News Stories

The Montauk Monster: Our Take

The badly damaged carcass of a creature that appears to have a toothed beak has washed up at Montauk, across from the US Government's Plum Island Animal Disease Center.

There has been speculation that the animal is a decomposed sea turtle, but their beaks do not have teeth, and the turtle's shell is attached along the spine, and this creature shows no damage to the spine.

There are said to be photographs suggesting that the animalis a decomposed pit bull, and that the distortions in the jaw are the result of water action, and only appear to be a beak.

There has been speculation, also, that it's a raccoon, and famed cryptozoologist Loren Coleman believes that this may be the case.
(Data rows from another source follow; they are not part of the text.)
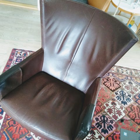 Lænestolene er i brun læder med drejefod, der er påsat armlænsforstærkning, Undersiden af siddehynden er repareret. Sælges for 900 pr. stk. Stolene er ellers velholdte og fra ikke rygerhjem.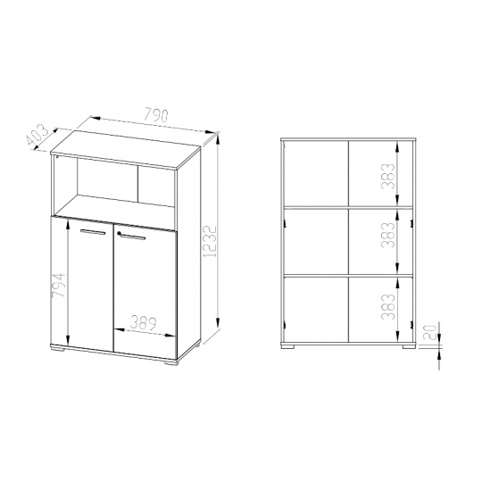 Komoda OPTIMAL 10, s policemi a dvěma plnými dvířky.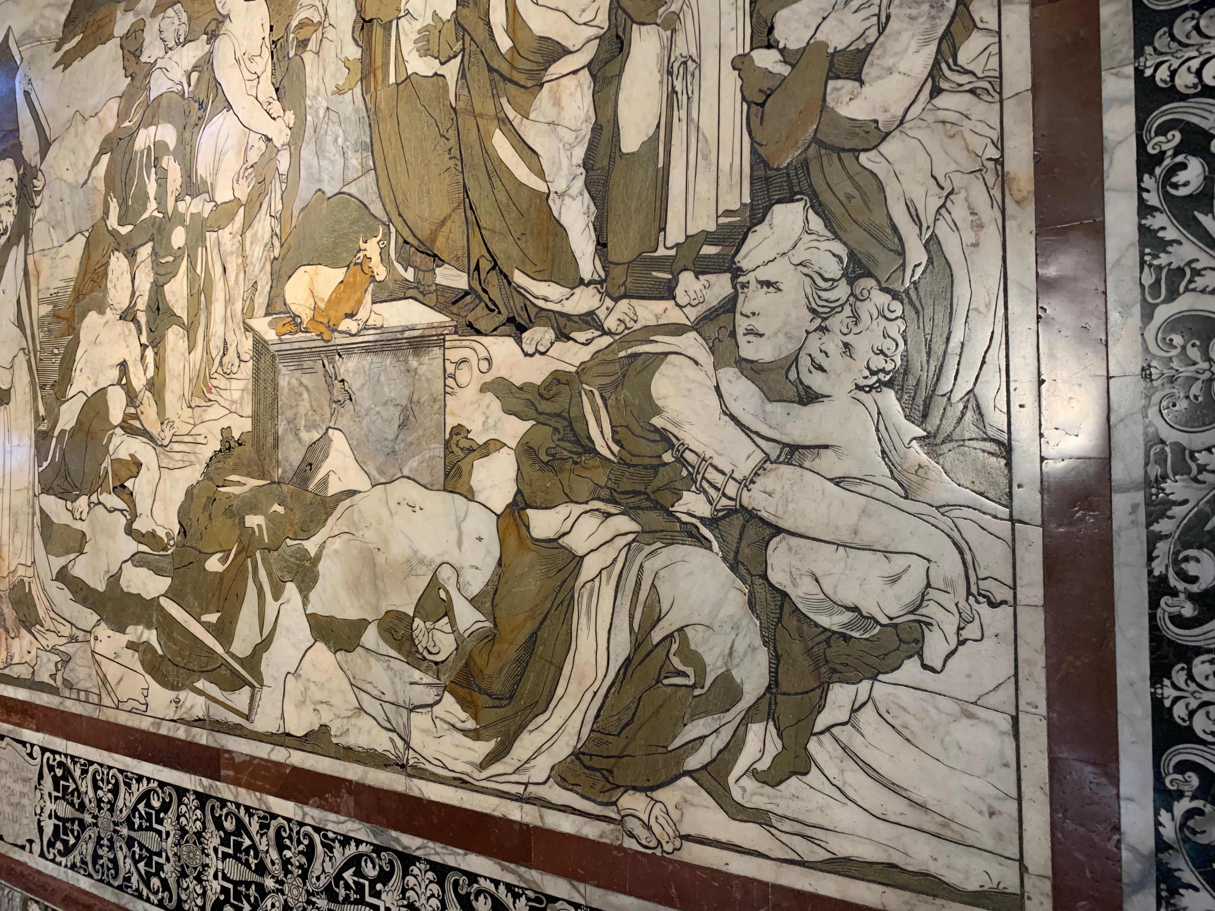 Мозаичные полы собора в целях их сохранности обычно укрывают, их открывают только на 2 месяца в году: с конца августа до конца октября, приурочивая это к Палио, проводимому 16 августа. Поскольку мы были в Сиене в октябре, нам посчастливилось увидеть полы собственными глазами.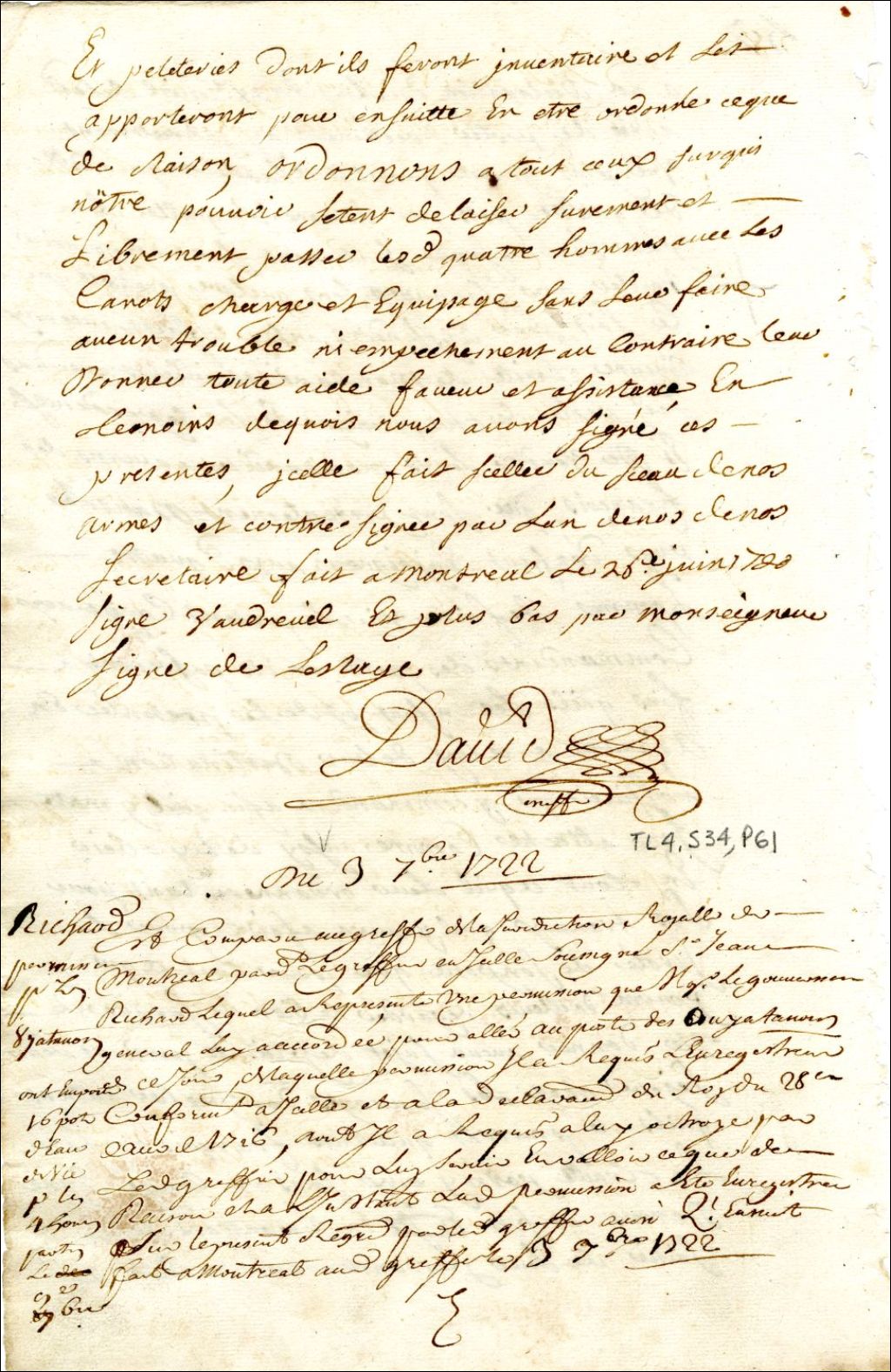 Montréal. Enregistrement d'une permission accordée par Philippe Rigaud de Vaudreuil gouverneur de la Nouvelle-France, à Jean Richard, ci-devant interprète et forgeron, d'un canot et quatre hommes, pour ramener sa femme [Marie-Anne You], et leurs trois enfants au poste des Ouyatanons, dont elle est originaire, 3 septembre 1722, Archives nationales à Montréal, Fonds Juridiction royale de Montréal, (06M,TL4,S34,P61).
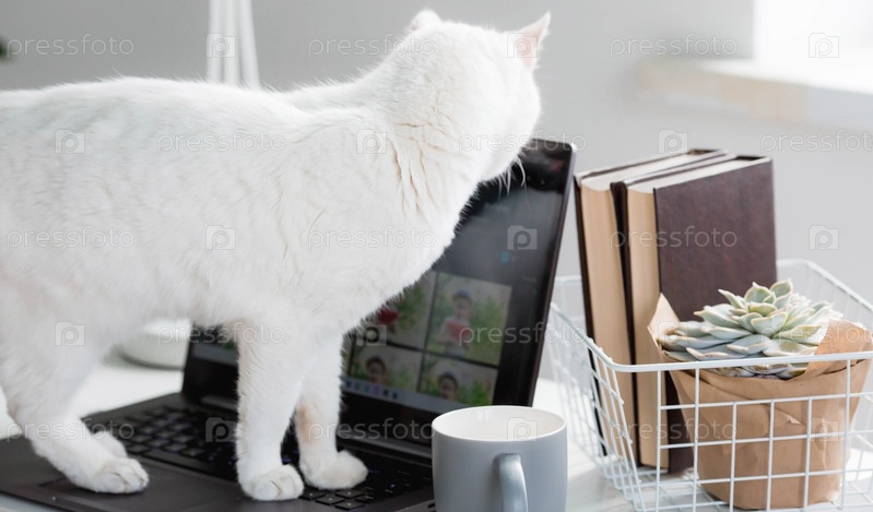Фриланс. Офис выполнен в светлых тонах. Белый стол с ноутбуком, книгами, кружкой, цветком и телефоном. Работа на дому. Начало рабочего дня. Концепция интерьера офиса
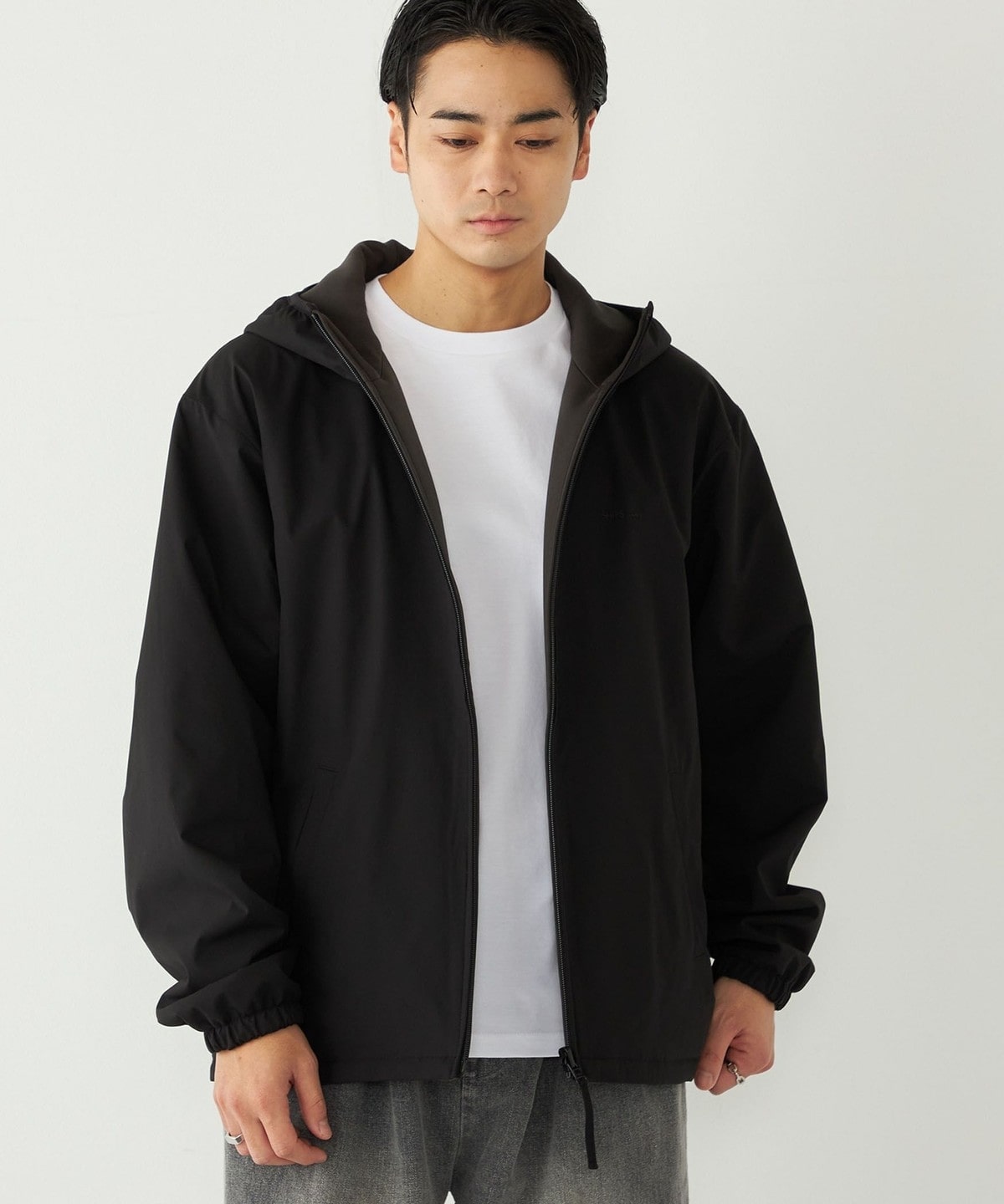 表側は無地仕様に仕上げ、裏側はパーカーのふち部分のみ色を切り替えており、シンプルながら表側と裏側で雰囲気を変えた着こなしをお楽しみいただけます。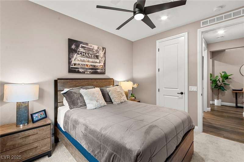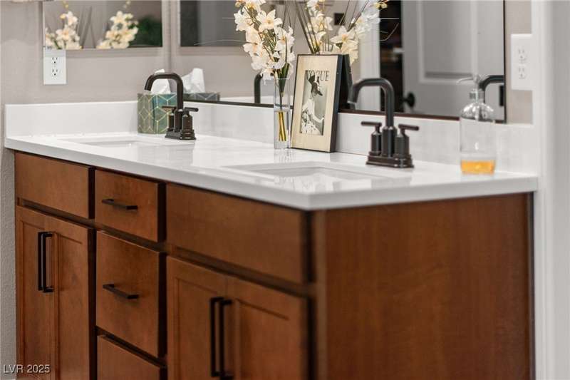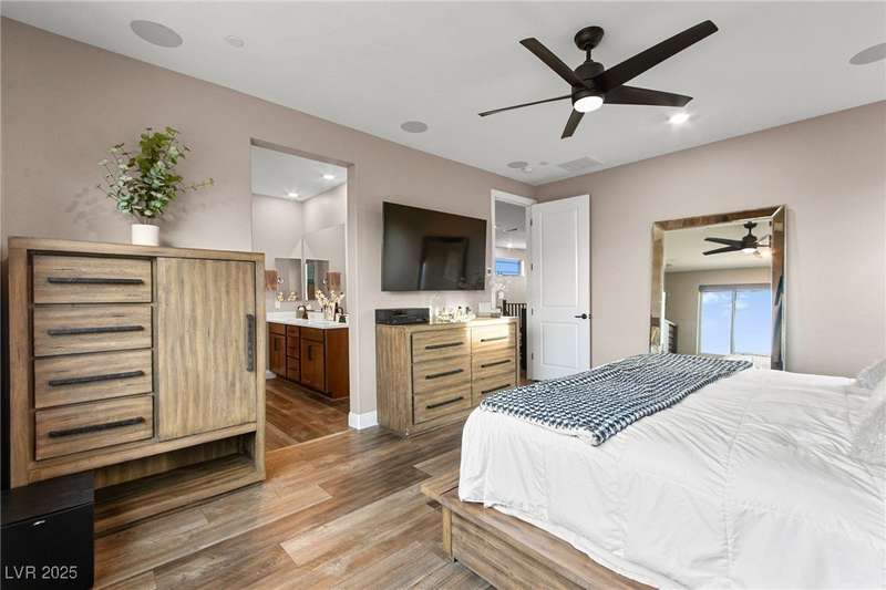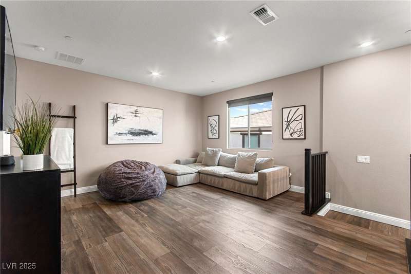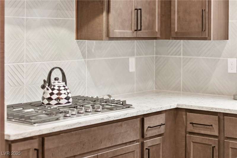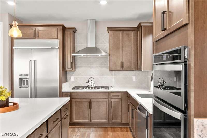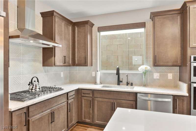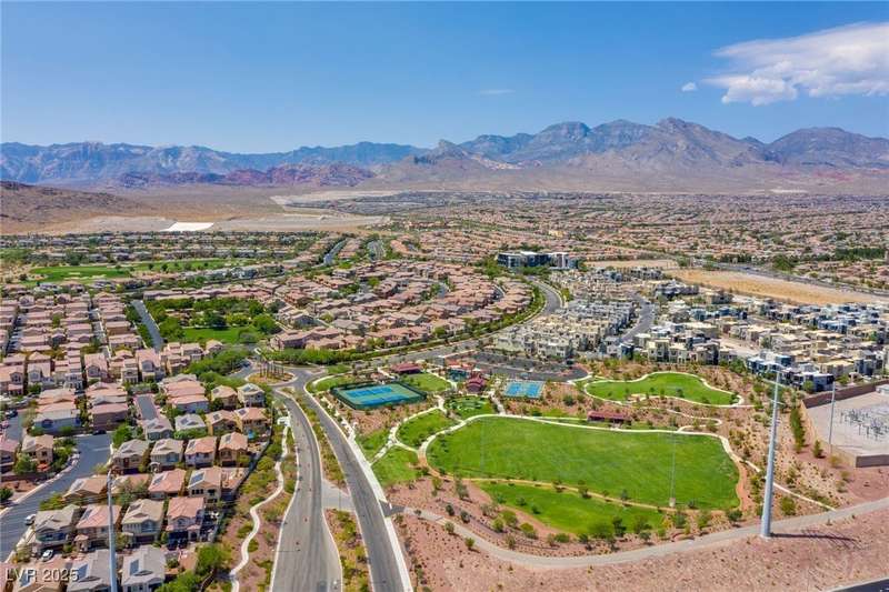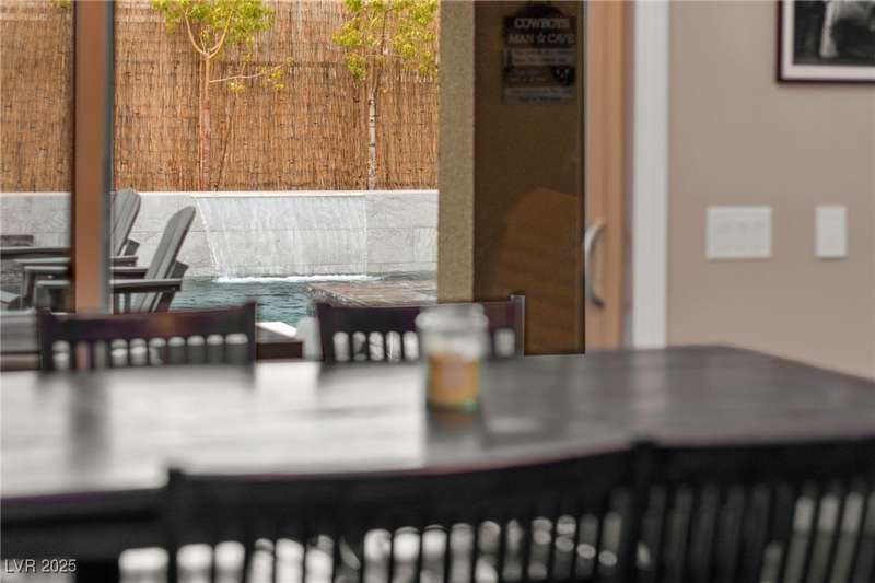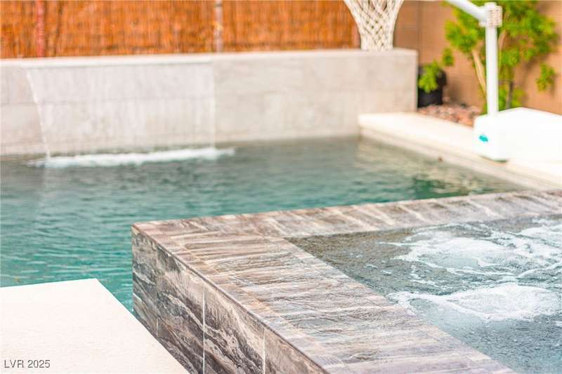 Step into this beautifully upgraded 4-bedroom, 3-bath West Summerlin home, where luxury and comfort meet. The chef’s kitchen is a showstopper, featuring a Sub-Zero fridge, custom ice maker, wine fridge, extended cabinetry, and a generously sized island—perfect for everyday living and entertaining. Light-filled, open spaces are highlighted by LVP flooring, designer window treatments, surround sound, and a striking stone feature wall in the living room. The spacious primary suite includes a custom walk-in closet with built-ins, while dual sliding doors open to a backyard oasis with full-length power shades, sparkling pool with wet lounge deck, elevated spa with water feature, fire pit, and a fully equipped outdoor kitchen. The covered patio with dual TVs is ideal for relaxing or hosting. Additional touches include meticulous landscaping and a dog run with turf, dual gates, and doggie door—every detail designed for comfort and style.
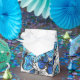 Vertical composition of realistic, blue and white morpho butterflies on grey textured background. Morpho blue butterfly.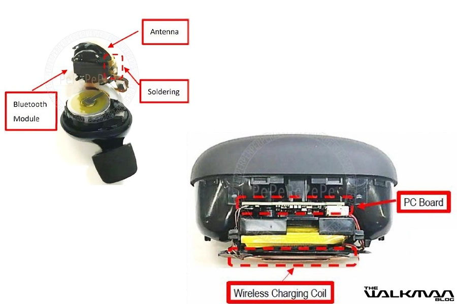 The certification also included some case teardown photos, primarily of the main PCB. We can see that the wireless charging standard will be Qi again. And unlike the WF-1000XM4, its battery will be soldered to the PCB (printed circuit board). But the wireless charging coil won't be soldered.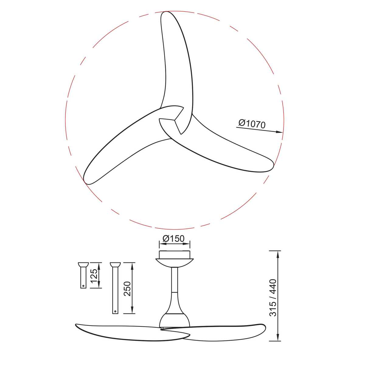 - Диаметр: 1070 мм (107 см)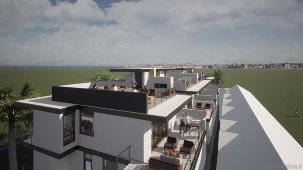 Welcome to Freeman Street Homes, Downtown Oceanside's newest development, nearing completion in 2025. This development offers the perfect blend of modern living and vibrant beach energy, featuring four expansive townhomes, a stylish single-level condo, and two ground-floor commercial spaces—ideal for a live-work lifestyle. This particular townhome spans over 2,200 sqft, showcasing sophisticated architecture and an abundance of natural light. You'll find a striking floating staircase upon entering the unit, and a unique mid-century influence throughout this modern home. Details like rich dark woods, light-colored tiles, captivating wallpaper, and elegant mahogany cabinetry elevate every space, complemented by top-of-the-line fixtures and solid core doors. Plus, enjoy amazing ocean views right from your living space! Beyond the interiors, enjoy 2 private balconies and an incredible 636sqft rooftop entertaining space. Complete with a rooftop fireplace and ambient lighting, making it the perfect place for any gathering. And yes, you'll find even more stunning ocean views from the rooftop, making every moment unforgettable. This unit will not last! Hard-hat showings available. **Images are renderings and subject to change.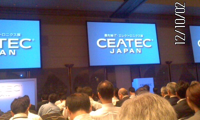 CEATEC JAPAN 2012が幕張メッセで開催された、写真は初日「キーノートスピーチ」開始前の様子です。本年の展示はスマートテレビ、スマートタウン、個人や生活、モビリティ、ビジネス、産業、社会システム全般がネットワーク技術を活用してつながり、IT・エレクトロニクスの技術革新が、我々の暮らしや社会全体を快適に、スマートな社会の構築を提案しています。また、デジタルネットワークからスマートイノベーションへ。各界のトップやオピニオンリーダーによる「キーノートスピーチ」をはじめ、海外から招待したエグゼクティブによる「ゲストスピーチ」などが開催されます。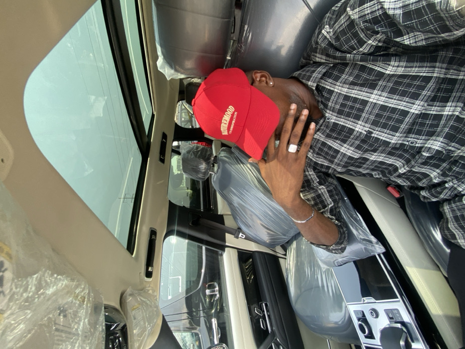 This image depicts a male individual seated in the front passenger seat of a modern, luxury sport utility vehicle located in Igboefon, Nigeria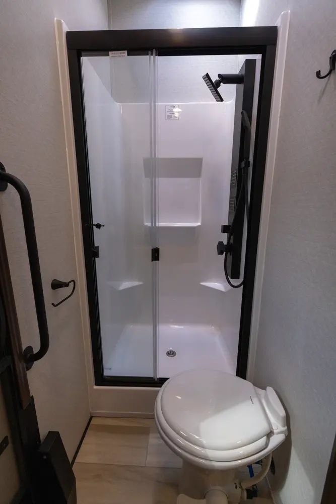 • Full 48” x 30” Rectangular Shower with Seat and Sliding Glass Doors

Coleman says, "The "Montauk Monster" appears to be a normal decomposing carcass, denuded by the elements, the ocean, and storms, of raccoon, or perhaps a dog."

The animal also has strangely structured front paws, that seem to be designed, but poorly, for swimming, but once again, they could be deteriorated due to water action. However, it isn't clear that any known animal's paws would deteriorate in this manner, nor is it clear that
the beak structure is the result of water action.

The carcass itself has deteriorated and no particular effort appears to have been made to gather the remains as evidence, meaning that the public will never gain proper information about this case.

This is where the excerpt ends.